By Nicole Gregory     4/12/2021

Catholics might remember this prayer from childhood:  

Angel of God, my guardian dear, 

to whom God’s love commits me here, 

ever this day be at my side, 

to light and guard, to rule and guide. 


As children, Catholics are taught that each of us has a personal guardian angel who provides protection, comfort and guidance. But as adults, many Catholics forget all about their guardian angels when facing the big and small struggles of life. And that is a loss, says Marilyn Santos, associate director of the Secretariat of Evangelization and Catechesis at the United States Conference of Catholic Bishops in Washington, DC. “They’re missing an opportunity of the incredible gift that God created for all of us,” she says.  

A guardian angel’s purpose is specific. “A guardian angel is a supernatural being that God created solely to be an assistant to his daughters and sons while we’re on Earth,” Santos explains.  

Saint Jerome referred to angels that guard over us, and Saint Matthew wrote: “Take heed that you do not despise one of these little ones, for I say to you that in heaven their angels always see the face of My Father who is in heaven.” Franciscans and Jesuits began the practice of honoring guardian angels in the 1600s, Santos says, and angels play important roles throughout the Bible. 

In the United States, the topic of guardian angels is relegated to lessons for children just before the Feast of the Guardian Angels, October 2. But in other countries, guardian angels are celebrated openly by everyone. “In Japan, people set up altars nine days before actual feast day,” Santos explains. “And in Latin America people set up altars and guardian angels are celebrated and acknowledged publicly,” she says.  

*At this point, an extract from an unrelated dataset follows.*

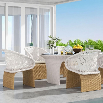 7 Pieces Traditional Aluminum Outdoor Dining Set with Oval Glass Table Rattan Armchair
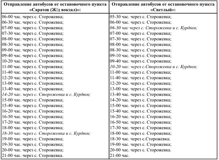 В целях обеспечения транспортной доступности населения изменяется расписание движения на межмуниципальных маршрутах регулярных перевозок пригородного сообщения № 491 «Саратов (Ж/д вокзал) - Светлый», № 491-А «Саратов (Ж/д вокзал) – Светлый (ч/з Сторожевку)» и № 491-Б «Саратов (Ж/д вокзал) – Светлый (ч/з с. Курдюм)».С 6 ноября 2025 года движение автобусов по межмуниципальным автобусным маршрутам регулярных перевозок пригородного сообщения № 491 «Саратов (Ж/д вокзал) - Светлый», № 491-А «Саратов (Ж/д вокзал) – Светлый (ч/з Сторожевку)» и № 491-Б «Саратов (Ж/д вокзал) – Светлый (ч/з с. Курдюм» будет осуществляться ежедневно согласно следующему расписанию.

That’s why Santos was not surprised that Pope Francis, born in Buenos Aires, speaks often about guardian angels. She surmised that his Latin American upbringing emphasized communicating with one’s guardian angel. 

“I would like to ask you all a question: Do you speak to your angel?” Pope Francis challenged Catholics in 2018. “Do you know the name of your angel? Do you listen to your angel? Do you let yourself be taken by the hand along the path or pushed to move?” 

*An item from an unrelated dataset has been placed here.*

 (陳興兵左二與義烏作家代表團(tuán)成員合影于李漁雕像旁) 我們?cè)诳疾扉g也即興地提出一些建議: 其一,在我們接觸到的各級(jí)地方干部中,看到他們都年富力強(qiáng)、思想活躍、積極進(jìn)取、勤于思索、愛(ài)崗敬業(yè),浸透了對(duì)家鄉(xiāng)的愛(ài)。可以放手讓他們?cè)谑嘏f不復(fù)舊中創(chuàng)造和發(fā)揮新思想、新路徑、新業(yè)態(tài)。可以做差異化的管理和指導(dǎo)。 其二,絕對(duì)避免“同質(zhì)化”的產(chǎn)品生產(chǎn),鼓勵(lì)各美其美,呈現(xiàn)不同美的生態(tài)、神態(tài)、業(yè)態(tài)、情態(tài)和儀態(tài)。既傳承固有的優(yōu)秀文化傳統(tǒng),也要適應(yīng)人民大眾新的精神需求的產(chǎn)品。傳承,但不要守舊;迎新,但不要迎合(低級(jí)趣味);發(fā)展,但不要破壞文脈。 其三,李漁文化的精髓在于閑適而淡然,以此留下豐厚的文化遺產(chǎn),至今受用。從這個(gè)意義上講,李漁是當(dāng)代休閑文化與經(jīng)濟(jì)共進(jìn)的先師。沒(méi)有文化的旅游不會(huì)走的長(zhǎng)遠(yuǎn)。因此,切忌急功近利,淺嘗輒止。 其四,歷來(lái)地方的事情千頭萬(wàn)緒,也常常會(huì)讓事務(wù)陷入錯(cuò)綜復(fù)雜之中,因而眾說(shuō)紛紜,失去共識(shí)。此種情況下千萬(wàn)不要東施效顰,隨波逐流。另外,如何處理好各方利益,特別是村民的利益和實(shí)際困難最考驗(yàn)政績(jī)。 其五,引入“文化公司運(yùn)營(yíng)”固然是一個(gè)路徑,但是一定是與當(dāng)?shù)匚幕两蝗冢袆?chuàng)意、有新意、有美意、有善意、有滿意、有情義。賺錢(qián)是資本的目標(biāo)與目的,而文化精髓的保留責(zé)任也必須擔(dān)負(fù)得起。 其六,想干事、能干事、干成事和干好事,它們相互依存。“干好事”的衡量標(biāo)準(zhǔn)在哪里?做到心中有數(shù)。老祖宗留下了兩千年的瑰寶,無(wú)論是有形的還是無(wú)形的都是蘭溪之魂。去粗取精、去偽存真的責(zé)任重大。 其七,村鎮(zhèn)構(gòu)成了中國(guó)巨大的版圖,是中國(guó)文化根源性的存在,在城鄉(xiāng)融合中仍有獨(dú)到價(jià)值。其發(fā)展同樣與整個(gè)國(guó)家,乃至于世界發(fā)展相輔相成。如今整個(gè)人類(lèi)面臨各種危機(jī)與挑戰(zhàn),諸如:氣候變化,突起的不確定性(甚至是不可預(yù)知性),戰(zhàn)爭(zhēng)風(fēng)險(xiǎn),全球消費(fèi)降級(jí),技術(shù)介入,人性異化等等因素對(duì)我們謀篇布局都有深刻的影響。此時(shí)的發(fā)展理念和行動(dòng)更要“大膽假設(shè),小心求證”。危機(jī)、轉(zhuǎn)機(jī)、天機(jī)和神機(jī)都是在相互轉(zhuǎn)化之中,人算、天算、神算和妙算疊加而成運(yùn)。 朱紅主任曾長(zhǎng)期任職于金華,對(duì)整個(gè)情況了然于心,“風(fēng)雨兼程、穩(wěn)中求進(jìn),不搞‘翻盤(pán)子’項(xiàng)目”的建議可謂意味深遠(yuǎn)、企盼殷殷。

Guardian angels can provide not just guidance and protection to Christian adults, but they can nudge them to take healthy risks.  

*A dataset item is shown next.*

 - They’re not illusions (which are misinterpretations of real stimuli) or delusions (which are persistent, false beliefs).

“There is the danger of not going on the journey,” Pope Francis said. “And how many people settle down, and don’t set out on the journey, and their whole life is stalled, without moving, without doing anything . . . It is a danger . . . And so many people don’t know how to make the journey, or are afraid of taking risks, and they are stalled. But we know that the rule is that those who are stalled in life end up corrupted. Like water: when the water is stopped up in a place, the mosquitos come, they lay their eggs, and everything is corrupted. Everything. The angels help us, they push us to continue on the journey.” 

The idea of the guardian angel is grounded in Catholic teaching, says Santos. “As Catholics we believe that everyone, including non-Christians, has an angel assigned to them for guidance on Earth. They are here to help us in our humanity, to protect us from evil and encourage us to do good works. Like God, the angel cannot affect our free will. But your guardian angel will whisper in your ear to remind you of who God meant you to be.”  

This enforces the idea that guardian angels are a direct connection to God. “Our angel is not only with us; he also sees God the Father,” Pope Francis said. “He is the daily bridge, from the moment we arise to the moment we go to bed. He accompanies us and is a link between us and God the Father. The angel is the daily gateway to transcendence, to the encounter with the Father: that is, the angel helps me to go forward because he looks upon the Father, and he knows the way. Let us not forget these companions along the journey.” 

The pandemic has created tremendous stress and worry for adults. “In the past year my friends and colleagues and I have reached out to our guardian angels more than we had in a long time,” says Santos. “We’re not looking for a magic wand to make everything better. But it’s comforting to know that there is a presence that God uniquely created just for me.” 

Reconnecting with one’s guardian angel is possible any time. Santos suggests intentionally revisiting childhood prayers and lessons or speaking to a parish priest about how to renew the relationship with a guardian angel for guidance in today’s challenges and those in the future.